Attributor Announces New Tool For Copyright Holders To Discover Unauthorized Online Use

Attributor, a concern from Redwood City, Calif., has begun testing a system to scan the Web for copyrighted audio, video, images and text. With the acquired data, Attributor’s clients will have the ability to request that Web sites take content down or provide payment for its use.

The start-up, which was founded last year and has been quietly combing the web, is emerging into the public eye today, at a time when some media and entertainment companies’ frustration with difficulties identifying infringing uses of their content online is increasing.

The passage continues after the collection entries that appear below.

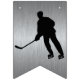 Se você tem um homem em sua vida que vive e respira o hóquei então esta bandeira do aniversário é a perfeita toca ao partido. Esta bandeira do hóquei é o fósforo perfeito a nossos convites temáticos do aniversário do hóquei. Nenhuma matéria a idade do menino do aniversário um o aniversário hóquei-temático fará uma indicação. As características de design um jogador de hóquei preto da silhueta em um fundo de prata do cromo.
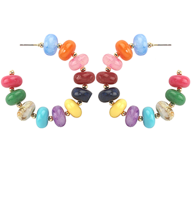 Cheerful, colorful, and easy to wear, the Bright Side Hoop is all about feel-good style. Featuring a mix of smooth, glossy beads in a vibrant rainbow of hues, these hoops bring playful color and personality to any outfit. Finished with subtle gold-tone accents, they feel polished while still being fun.
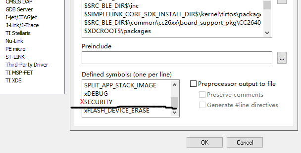 图中圈Ⅱ中这个是将stack,app和bim三个工程中C/C++中的宏定义那里再安全前面画红叉吗?如图:
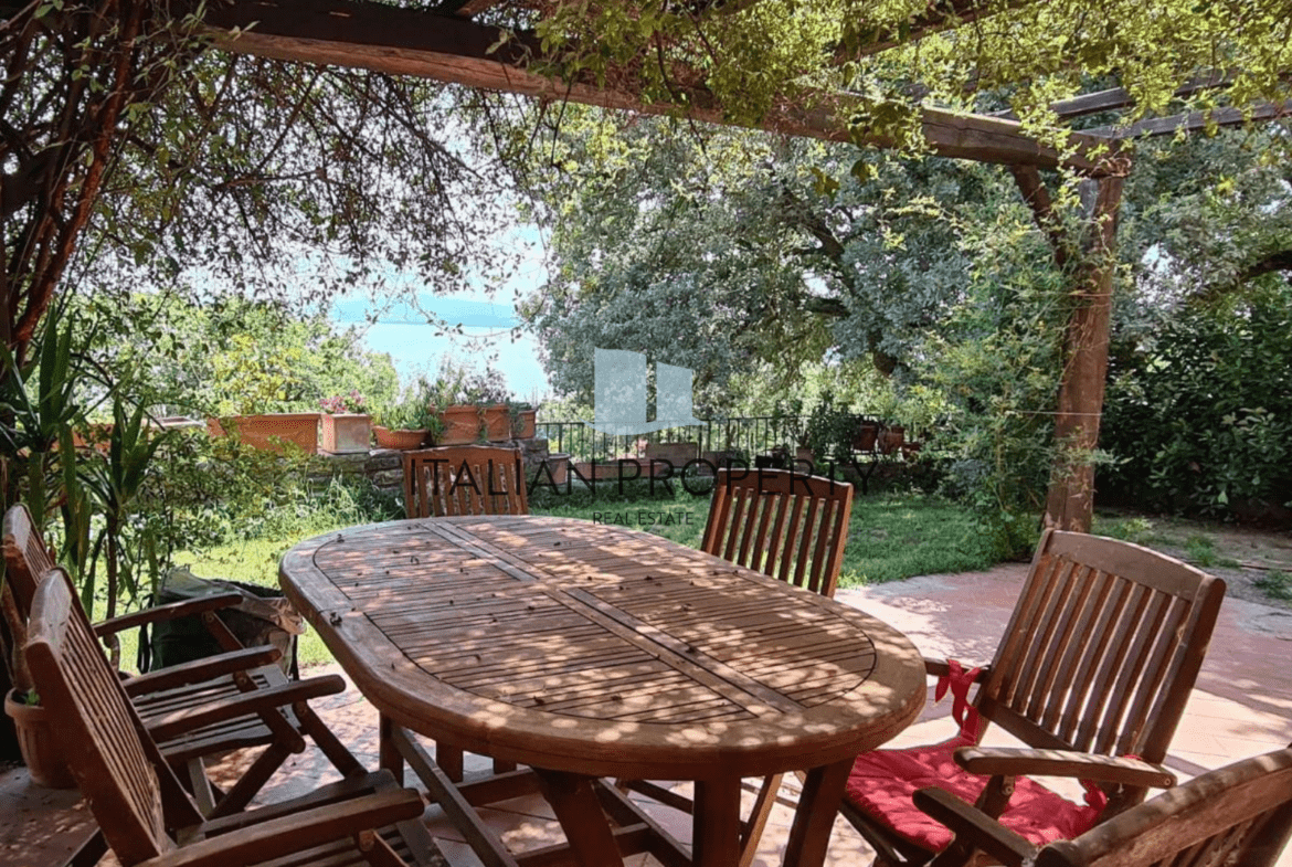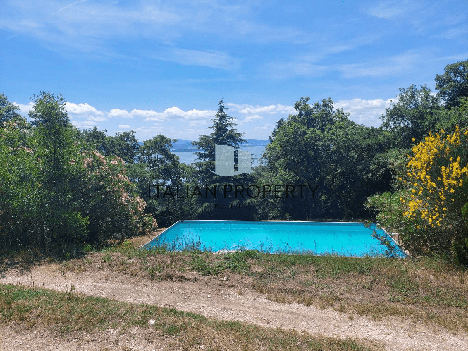 Op een heuvelachtige locatie op slechts 1,5 km van het historische centrum van Passignano sul Trasimeno, met een adembenemend uitzicht op het meer, villa op 3 niveaus van ca. 270 m². onlangs vergroot en gerestaureerd:

Media and entertainment companies have so far relied on a combination of technology and their own scanning to protect their content online with mixed results. Media companies have used digital-rights management technology designed to make it hard to copy or transfer files. But such measures have often proved to be clumsy, despised by consumers or quickly thwarted. That’s the case for DRM technology built into DVDs to prevent them from being ripped onto computers, for example. Entertainment and media companies have also relied on their own staff to scan Web sites for infringing content. But even when such content is spotted and taken down, the companies often see the content pop up in the same places or elsewhere soon after.

Though its service isn’t out yet, Attributor appears to go further than existing techniques for detecting unauthorized uses of content online. Its co-founders, former Yahoo Inc. executive Jim Brock, and Jim Pitkow, a Silicon Valley entrepreneur who has sold companies to Google and VeriSign Inc., claim to have cracked the computer-science problem of scouring the entire Web by using undisclosed technology to efficiently process and filter through chunks of content. The company says it will have over 10 billion Web pages in its index before the end of this month.